Through Gatlinburg. 

A horrible overbuilt garish tourist trap!!!

Remember I was a botanist? I taught classes on edible wild plants. There is a goldenrod, Solidago odora, Sweet Goldenrod. It has a licorice smell and flavor. I finally found this extremely rare plant 6,000 feet up in the Great Smokies. It had been harvested almost to extinction during the Revolutionary War. The British had cut off tea to the colonies. This plant was used as a substitute for a hot beverage. 

For years I would run my hand over every damned flowering panicle of every damned goldenrod I saw! No luck. No smell of anise. One of the hikes we took was up an almost vertical trail alongside a rocky brook. And there it was. A flowering goldenrod, I reached out. Pulled the flowerhead through my palm. Put my hand to my nose. And SCREAMED with joy. I had found one! I cannot tell you how exciting that moment was for me up in the mountains. August, 1973.

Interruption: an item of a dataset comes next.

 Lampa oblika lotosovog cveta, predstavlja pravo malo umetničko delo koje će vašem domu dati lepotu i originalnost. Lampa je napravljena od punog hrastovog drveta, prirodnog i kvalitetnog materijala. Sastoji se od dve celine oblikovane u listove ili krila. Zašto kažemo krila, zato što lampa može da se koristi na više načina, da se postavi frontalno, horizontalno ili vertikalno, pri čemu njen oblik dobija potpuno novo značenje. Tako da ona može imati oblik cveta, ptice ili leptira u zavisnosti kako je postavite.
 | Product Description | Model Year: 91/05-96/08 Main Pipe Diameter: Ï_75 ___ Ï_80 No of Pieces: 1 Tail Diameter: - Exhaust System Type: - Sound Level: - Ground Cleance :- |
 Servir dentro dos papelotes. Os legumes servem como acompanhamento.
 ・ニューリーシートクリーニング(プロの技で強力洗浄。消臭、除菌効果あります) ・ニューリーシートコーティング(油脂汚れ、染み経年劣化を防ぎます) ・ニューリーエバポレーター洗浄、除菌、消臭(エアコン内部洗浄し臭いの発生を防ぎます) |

And oh, yeah, we had to climb that steep mountain trail to get up to where it was. Had no idea what could be awaiting me up there. We were just hiking. 

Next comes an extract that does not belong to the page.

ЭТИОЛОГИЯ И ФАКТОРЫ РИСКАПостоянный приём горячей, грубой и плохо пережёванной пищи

I am still convinced it was almost extinct even that long after the revolutionary war because of my failure to find it. But apparently over the years enough people were interested in it that nurseries began to propagate it and sell the seeds. It has apparently become much more common in the south. So a part of our American Revolutionary War horticultural heritage has been restored. Now that I know that I am going to start pulling goldenrod flower heads through my hand again to recover that experience. 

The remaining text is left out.